AIDS and Armenians: Misconceptions and Progress
A new report released on the eve of World AIDS Day by the United Nations and World Health Organization estimates that 33.4 million people are living with HIV worldwide. While new generations of Armenians have a firmer grasp on world issues and social change, this old world culture still struggles to accept and prevent what some might consider to be “new world” issues, like HIV and AIDS, which leads to the rise of misconceptions that need to be addressed and eradicated.

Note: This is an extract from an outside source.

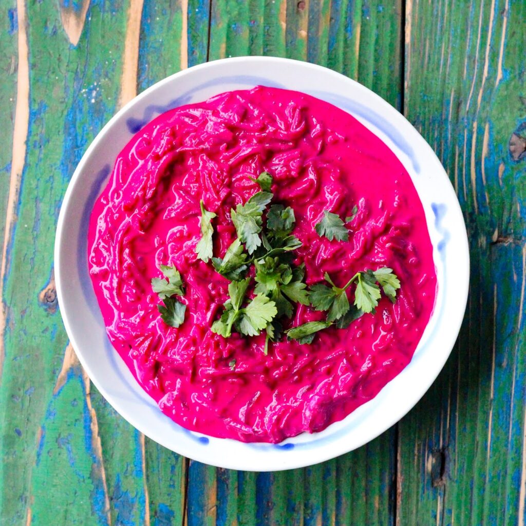 Bietensalade met soja yoghurt

Armenians are not immune to AIDS. In fact, it is estimated that around 2300 people within the country are living with HIV, with 134 new cases of HIV infection having been registered in 2009, according to the National Center for AIDS Prevention in Armenia. Contrary to popular belief, homosexuality is not synonymous with HIV infection. You might be startled to learn that the main modes of HIV transmission in Armenia are heterosexual practices and drug use. Transmission through homosexual practices make up a mere 2 percent of cases, slightly above mother-to-child transmission. Although men make up a major number of cases, the ratio of women infected with HIV is increasing, according to the United Nations Population Fund (UNFPA).
These statistics directly tie into the fact of the low prevalence of sex education which didn’t arrive in Armenia until late 2004, during which UNFPA was ready to assist Armenia’s Education and Science Ministry in introducing the curricula in Armenian schools. The history of sex education in the United States might give you an idea on how late Armenia was in integrating such a program within the curriculum. The reason for such a late start? Old world values strike again.
“There is a persistent belief shared by many government officials and society members as well that sex education itself will entice our adolescents into sexual activity,” wrote Gayane Ghukasyan in her 2001/2002 report, “Addressing HIV/AIDS Through School-Based Education Programs. “It follows that schools and other educational and health facilities would better remain dormant about this topic or introduce sexuality in a context of fear and danger.”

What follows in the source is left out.